■ What you are asked to do ■
All records are to be restated word for word, with pictures excluded.

■ Input material ■
<<<<

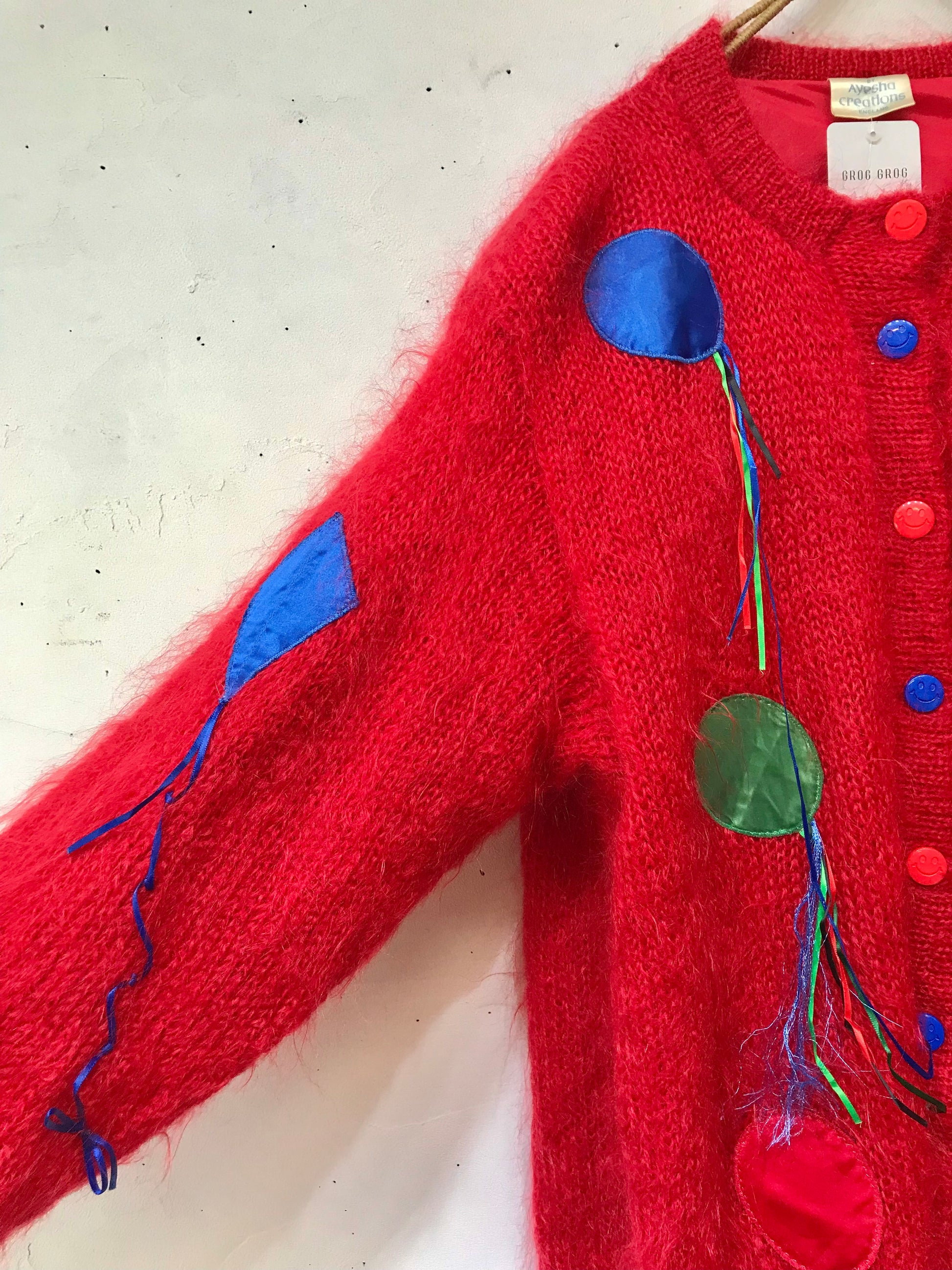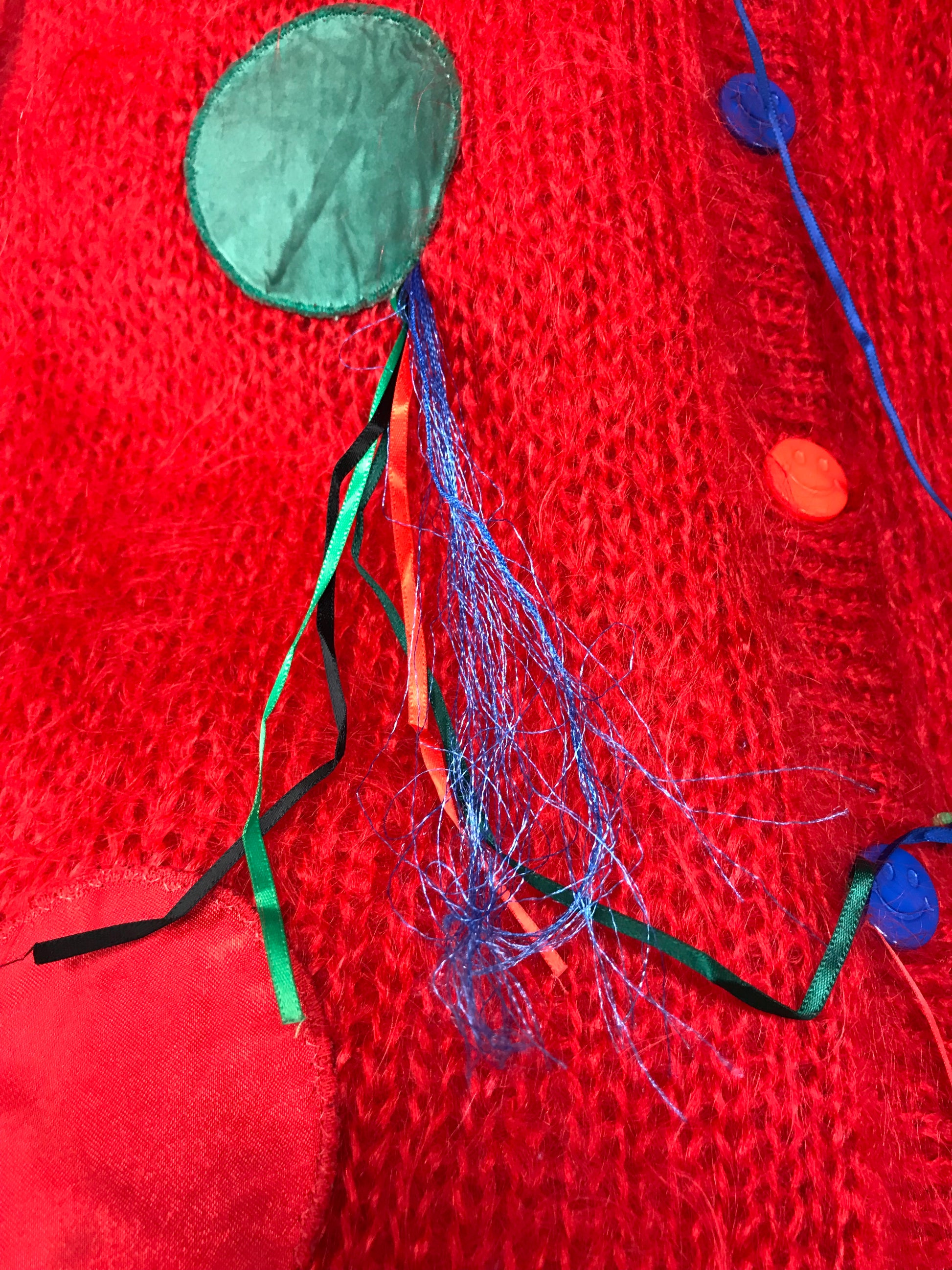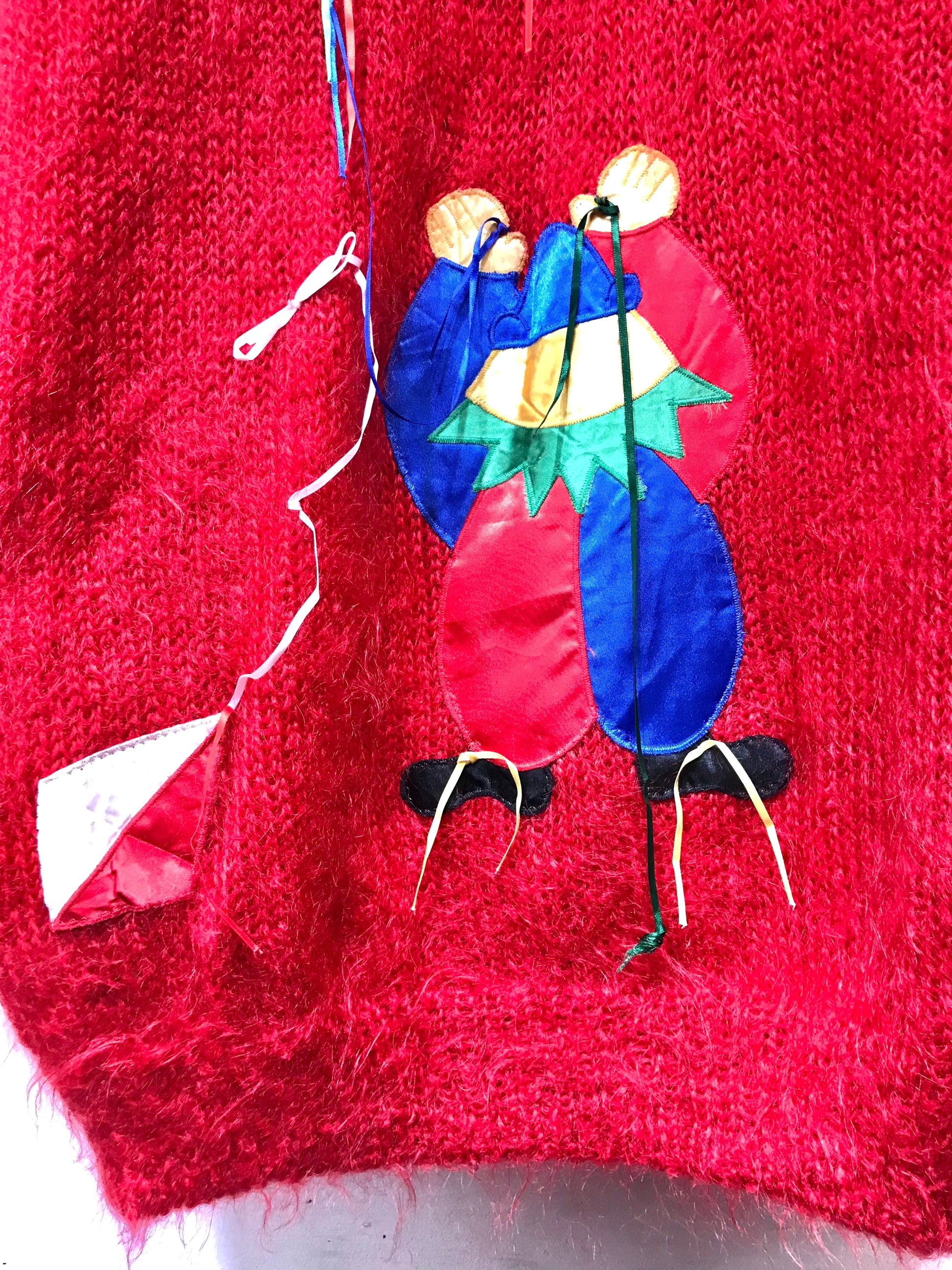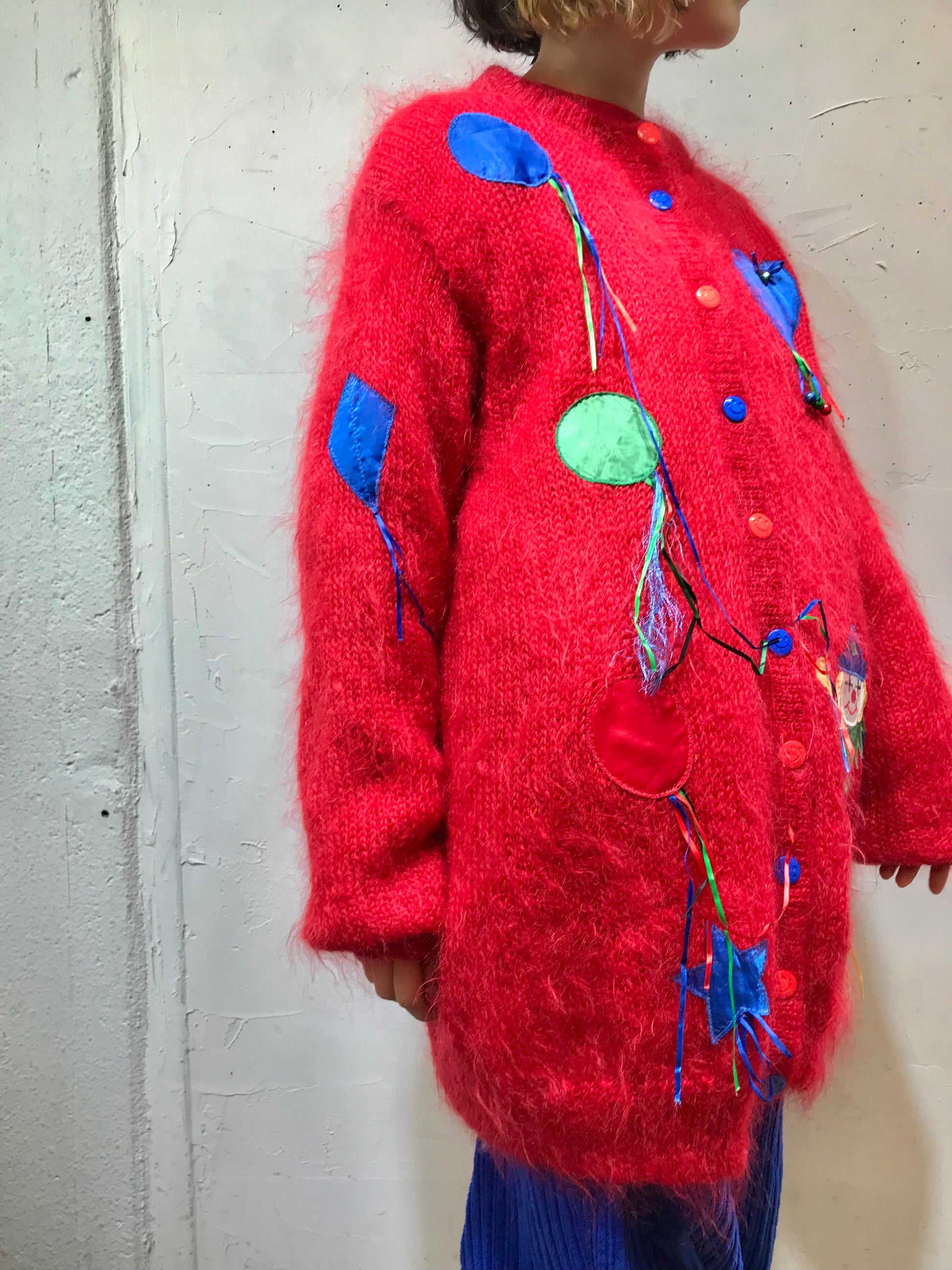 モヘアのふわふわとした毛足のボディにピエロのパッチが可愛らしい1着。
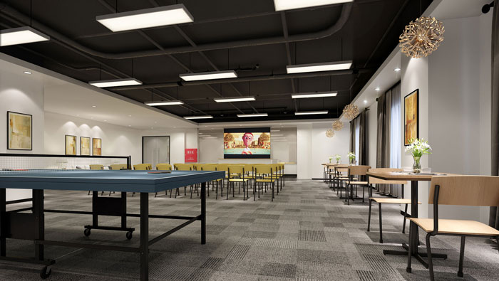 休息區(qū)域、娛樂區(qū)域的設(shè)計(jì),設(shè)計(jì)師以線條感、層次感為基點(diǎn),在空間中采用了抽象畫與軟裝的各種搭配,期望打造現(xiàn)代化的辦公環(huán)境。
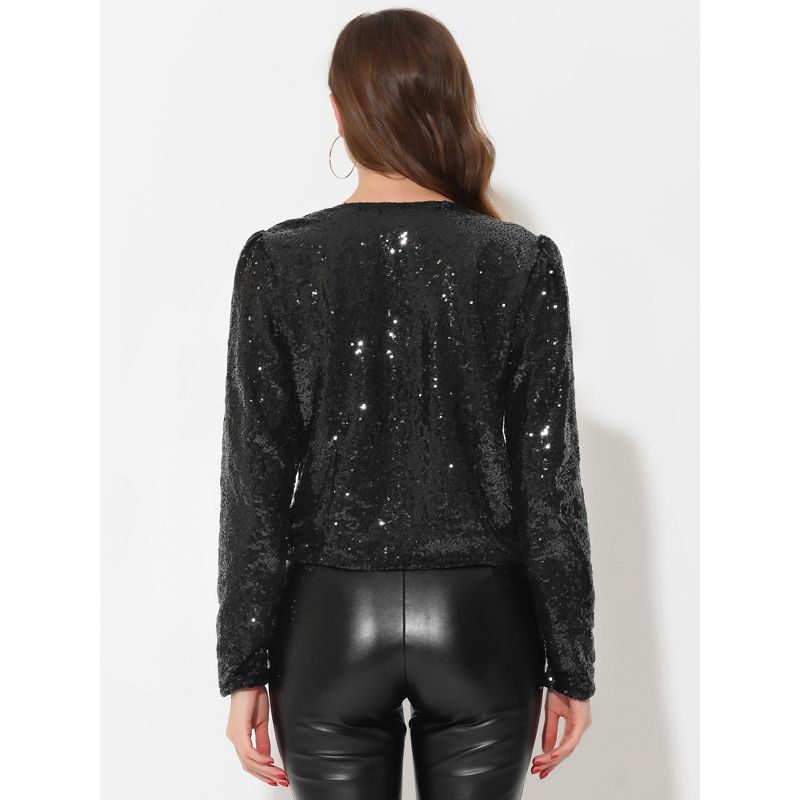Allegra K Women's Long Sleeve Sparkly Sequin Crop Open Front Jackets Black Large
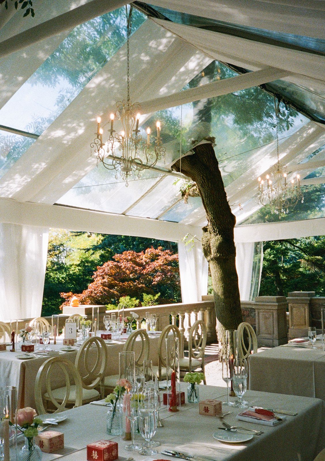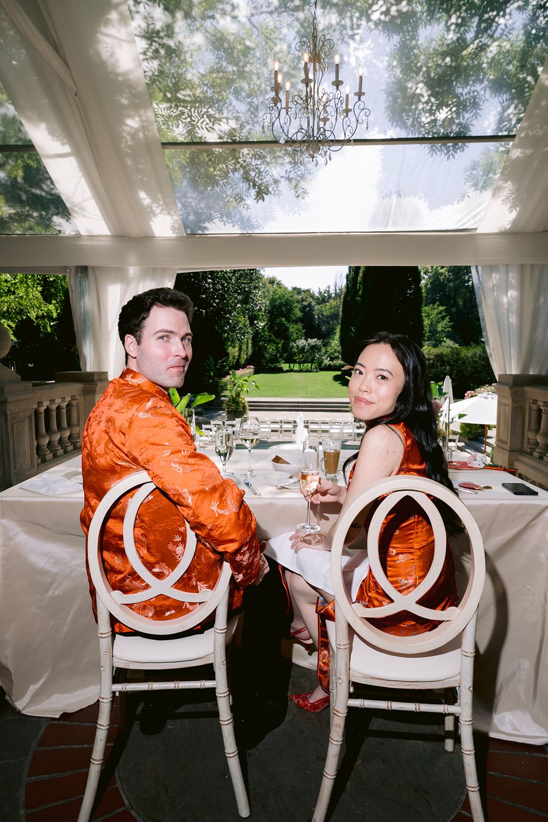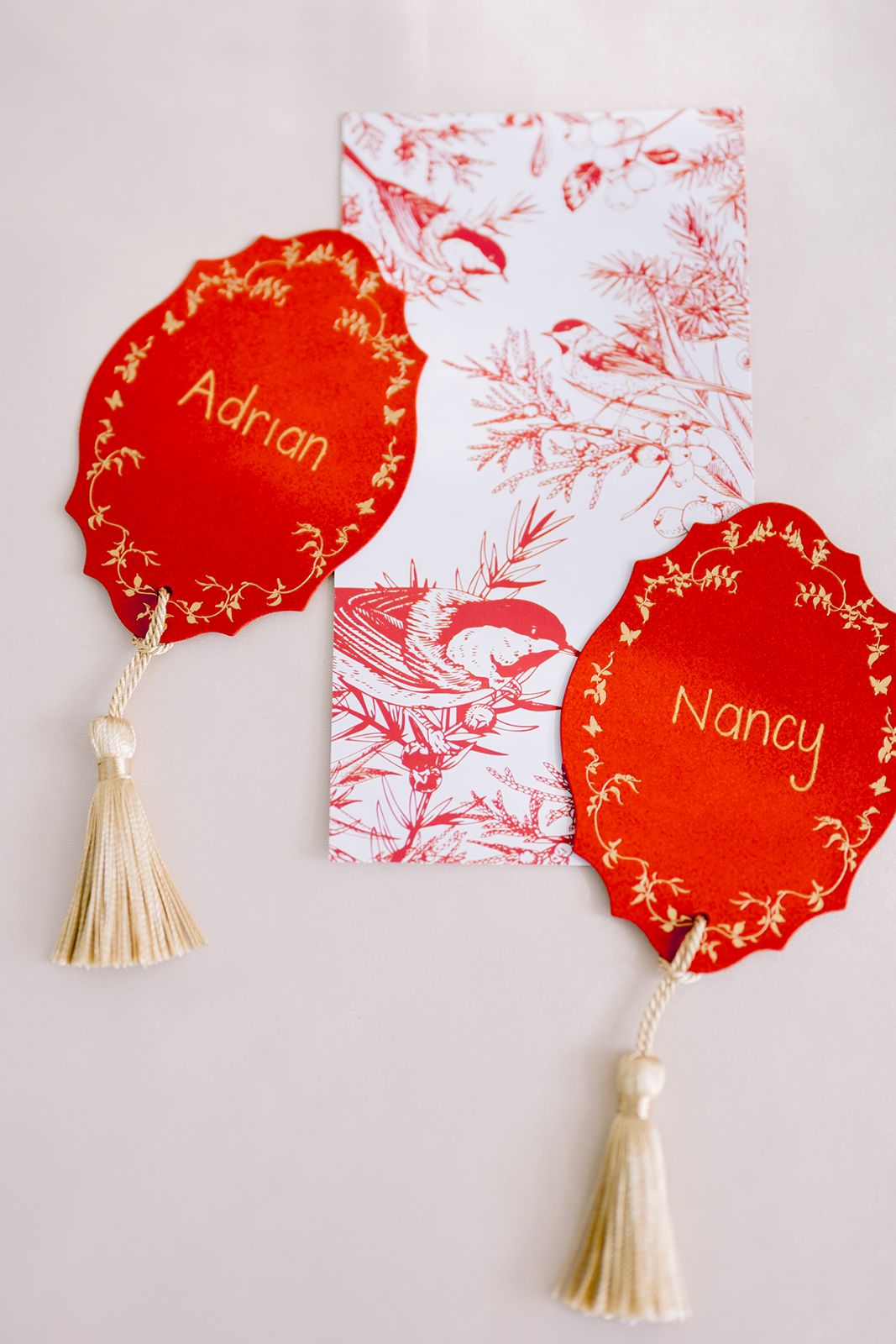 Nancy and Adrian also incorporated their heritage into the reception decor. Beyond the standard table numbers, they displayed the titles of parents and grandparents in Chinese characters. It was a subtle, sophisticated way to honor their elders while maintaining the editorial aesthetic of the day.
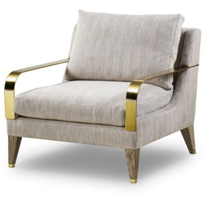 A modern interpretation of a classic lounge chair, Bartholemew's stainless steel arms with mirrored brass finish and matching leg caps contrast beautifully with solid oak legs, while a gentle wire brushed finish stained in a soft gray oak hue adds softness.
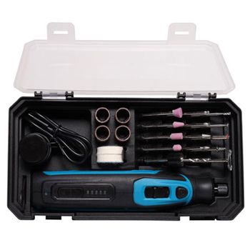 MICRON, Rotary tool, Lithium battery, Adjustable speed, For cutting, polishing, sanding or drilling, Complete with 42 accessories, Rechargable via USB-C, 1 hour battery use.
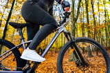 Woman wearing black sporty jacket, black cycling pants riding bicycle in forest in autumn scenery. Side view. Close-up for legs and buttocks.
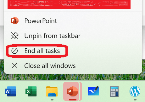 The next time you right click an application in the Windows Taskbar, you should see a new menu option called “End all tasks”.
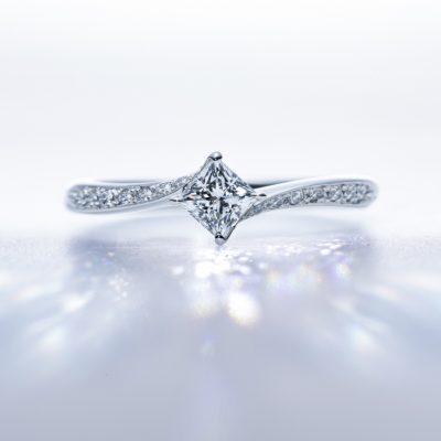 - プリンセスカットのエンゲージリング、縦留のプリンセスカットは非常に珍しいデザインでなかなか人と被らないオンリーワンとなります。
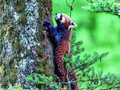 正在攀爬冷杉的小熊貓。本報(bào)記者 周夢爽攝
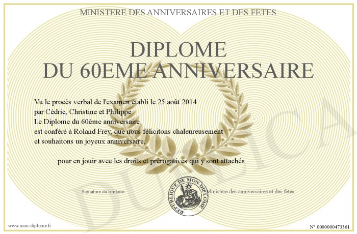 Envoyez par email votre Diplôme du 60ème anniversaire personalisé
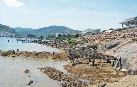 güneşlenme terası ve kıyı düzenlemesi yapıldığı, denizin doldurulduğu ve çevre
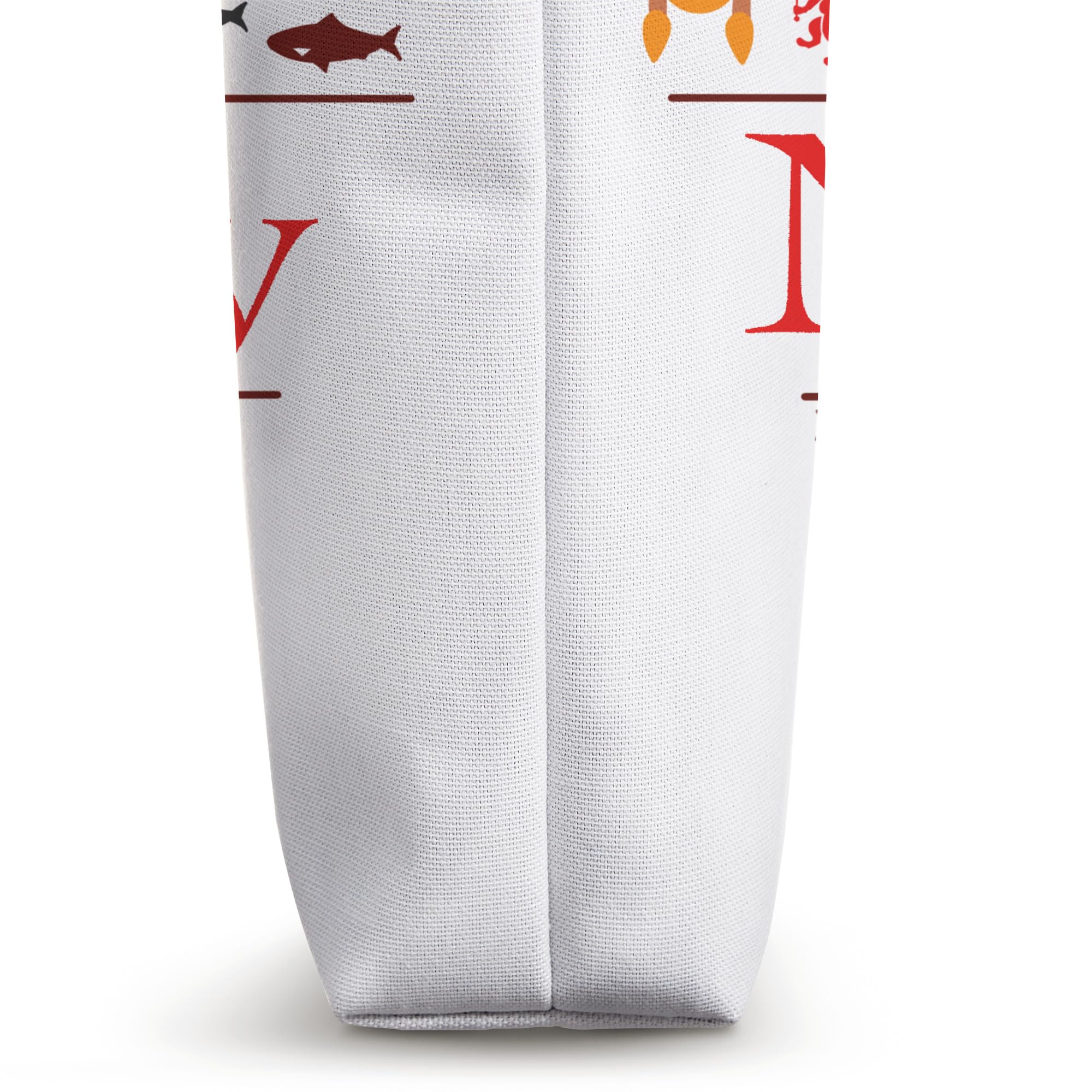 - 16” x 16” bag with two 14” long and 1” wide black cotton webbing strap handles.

>>>>

■ Output of the exercise ■
 モヘアのふわふわとした毛足のボディにピエロのパッチが可愛らしい1着。
 休息區(qū)域、娛樂區(qū)域的設(shè)計(jì),設(shè)計(jì)師以線條感、層次感為基點(diǎn),在空間中采用了抽象畫與軟裝的各種搭配,期望打造現(xiàn)代化的辦公環(huán)境。
Allegra K Women's Long Sleeve Sparkly Sequin Crop Open Front Jackets Black Large
 Nancy and Adrian also incorporated their heritage into the reception decor. Beyond the standard table numbers, they displayed the titles of parents and grandparents in Chinese characters. It was a subtle, sophisticated way to honor their elders while maintaining the editorial aesthetic of the day.
 A modern interpretation of a classic lounge chair, Bartholemew's stainless steel arms with mirrored brass finish and matching leg caps contrast beautifully with solid oak legs, while a gentle wire brushed finish stained in a soft gray oak hue adds softness.
 MICRON, Rotary tool, Lithium battery, Adjustable speed, For cutting, polishing, sanding or drilling, Complete with 42 accessories, Rechargable via USB-C, 1 hour battery use.
 Woman wearing black sporty jacket, black cycling pants riding bicycle in forest in autumn scenery. Side view. Close-up for legs and buttocks.
 The next time you right click an application in the Windows Taskbar, you should see a new menu option called “End all tasks”.
 - プリンセスカットのエンゲージリング、縦留のプリンセスカットは非常に珍しいデザインでなかなか人と被らないオンリーワンとなります。
 正在攀爬冷杉的小熊貓。本報(bào)記者 周夢爽攝
 Envoyez par email votre Diplôme du 60ème anniversaire personalisé
 güneşlenme terası ve kıyı düzenlemesi yapıldığı, denizin doldurulduğu ve çevre
 - 16” x 16” bag with two 14” long and 1” wide black cotton webbing strap handles.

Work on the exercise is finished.